Каждый плафон, встреченный по пути, просился в музей.
– Или на вертолете свалили, – продолжал Алекс. – В Крым. Ха-ха.
Валерия шла молча.
– А вот как ты думаешь, он мог бы свалить, ничего нам не сказав? В принципе?
Валерия шла молча.
Алекс отстал было – слишком активно оглядывался в зловещих коридорах, – но, спохватившись, нагнал ее. И даже пошел впереди. Он вдруг подумал, что как-то возмужал в эту поездку. Неточное слово. Какая-то инициация…
На дверях кабинетов на втором этаже прямо так – распечатанными на принтере бумажками – было обозначено кто и где. И, несмотря на общий сюр этой временности в стране, любившей увесистые, капитальные, «на века», «под золото» таблички на дверях каждого вшивого врио, они, похоже, действительно пришли по адресу. «Степанов». Что ж. Английские газеты не врали.
«Секретарь по межведомственному взаимодействию Чрезвычайной комиссии Президиума Правительства Российской Федерации Николаев Михаил Андреевич».
Как у нас любят всё с большой буквы. Значительно.
У нас?..
Валерия настойчиво подолбилась, толкнула дверь, вошла.
Открыто!..
Теневой кабинет!..
Алекса обуял секундный ужас: сейчас они зажгут свет, и здесь будет лежать отец.
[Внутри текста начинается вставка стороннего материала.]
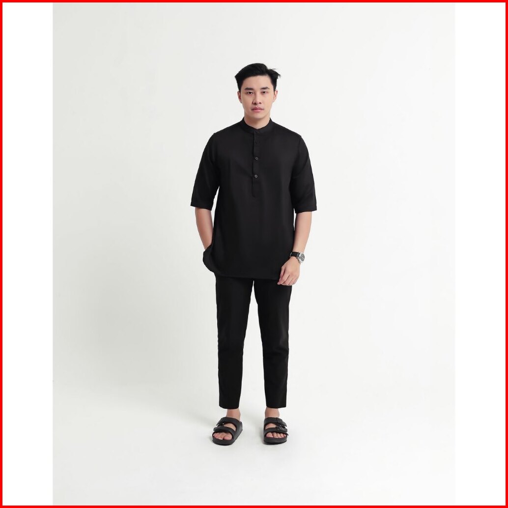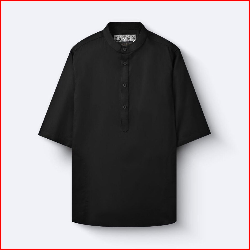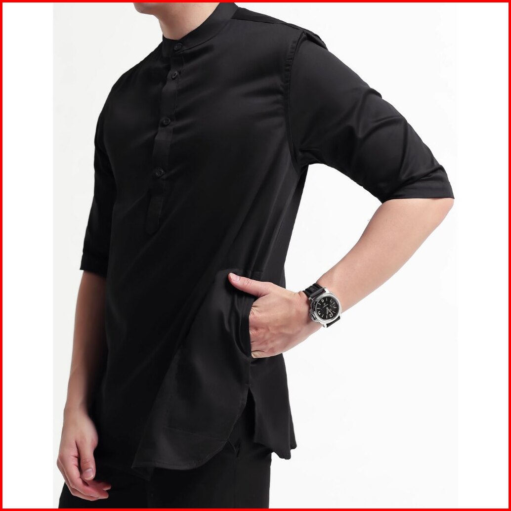 Broodis Kemeja Koko Kurta Pria Cotton Sateen Black Kerah Shanghai Lengan Panjang - Qudsy Black Series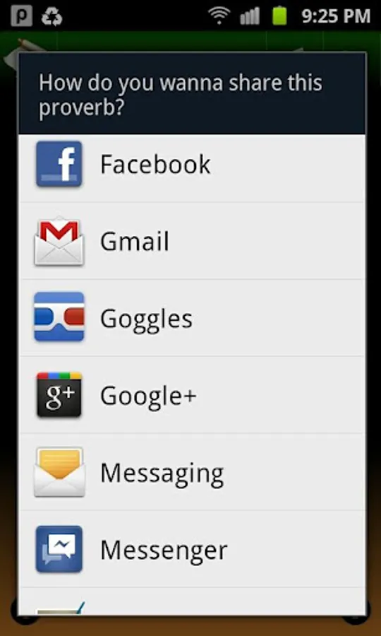 * Social sharing of the proverb screenshot as image. It can be shared via Facebook, Google+, Twitter, Email Clients, Bluetooth etc.,.
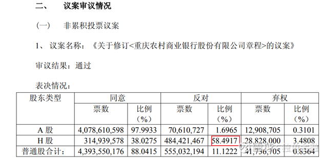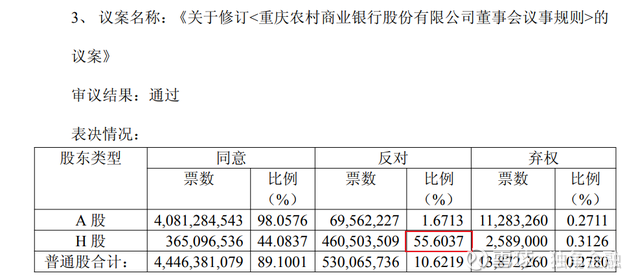 2025年12月10日,在重庆农商行2025年第一次临时股东大会上,对《关于修订〈重庆农村商业银行股份有限公司章程〉的议案》(下称:《公司章程》)和《关于修订<重庆农村商业银行股份有限公司董事会议事规则>》(下称:《董事会议事规则》)的两项议案,分别遭到58.49%、55.6%的参会H股股东反对。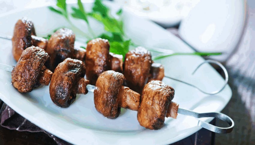 - Зав'яжіть пакетик і добре перемішайте печериці, перекидаючи їх з боку в бік. Залиште гриби настоюватися протягом 30 хвилин, а потім насадіть на підготовлений шампур (з відстанню між сусідніми екземплярами 1-1,5 см) і відправте смажитися на мангал із вугіллям (відкритого, занадто спекотного вогню не повинно бути).
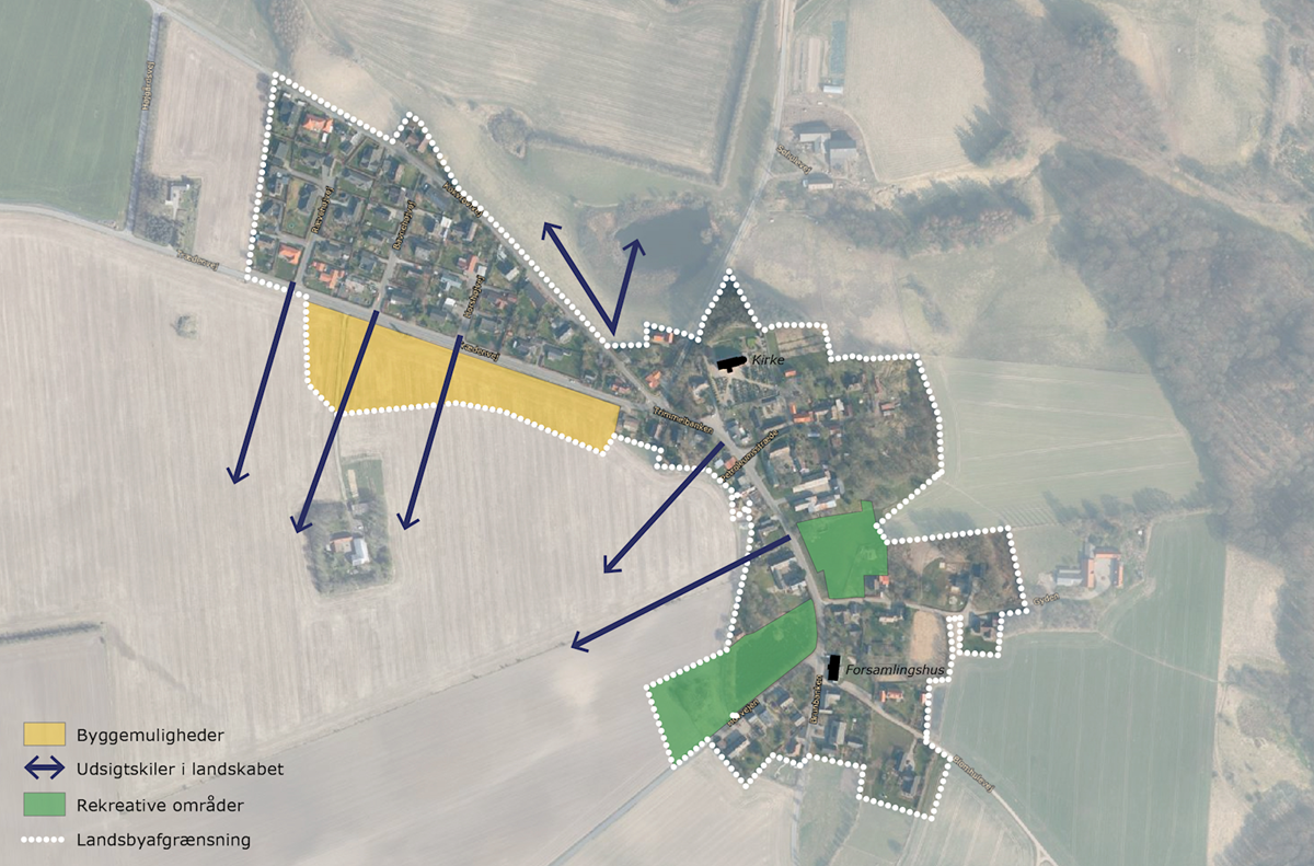 Udpegningerne er foretaget udelukkende for at give borgerne i landsbyen og evt. fremtidige bygherre, et overblik over potentielle fremtidsmuligheder. Det er altså ikke udtryk for, at kommunen kommer til at stå for evt. udvikling, byggerier eller indretning af fællesarealer. Udviklingen skal drives af private investorer, lokalråd, borgere eller fonde. Læs mere her, om hvad der kan søges støtte til i kommunen.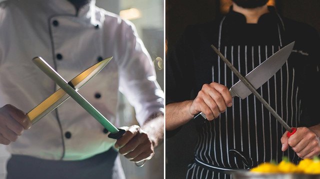 Evde bıçak bilemek için en pratik yöntemlerden biri. Bıçağı masata 20 derece açıyla yaslayarak her iki yüzünü eşit şekilde sürtmeniz gerekiyor. Bu işlem sayesinde bıçağın ağzı düzeltir, ucu körelmişse eski formuna gelir.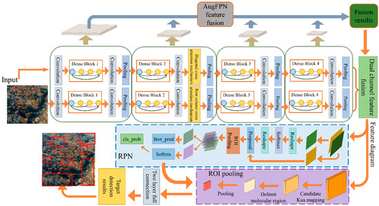 The combination of different multi-directional attention mechanisms in the two different paths not only enhances the network’s ability to detect small clusters of dead trees scattered among healthy tree clusters but also to capture global features of the image. Thus, it can effectively improve detection accuracy when clusters of dead trees are detected. Further, low-level texture features and high-level semantic information are better combined using AugFPN for up-sampling to fuse their features. The low-level texture features can significantly characterize the contrast of the color features of healthy trees, and the high-level semantic features can express the overall trend of irregular dead tree clusters. Combining images at different levels improves the network’s detection effect of dead tree clusters with high-scale differences. Then, the target bounding box is generated by RPN for the output layer.

Они зажгли свет. Никто не лежал. Кабинет как кабинет.
Well, go ahead.
Валерия, человек опытный, сразу прошла в комнату отдыха – Алекс даже не заметил эту дверь за столом – и тут же вернулась.
– Там только тапочки.
– Его?
– Ну откуда я знаю.
– А по размеру похоже?
Алексу опять казалось, что всюду тотальный обман: кто-то развесил тут эти бумажки, путает их, заманивает в ловушку.
– А чайник не теплый? – Алекс раздавал команды, стоя посреди кабинета, а сам будто боялся наследить или попасть под какие-нибудь лазерные лучи. Можно перекатываться по ковру, как в кино. – А может, он уехал домой, ну, в квартиру, и сейчас как раз там ищет нас?
– И сколько дней ты уже тешишь себя этой мыслью?..
Стоит ли снять здесь куртку и, если что, как быстро он успеет ее подхватить?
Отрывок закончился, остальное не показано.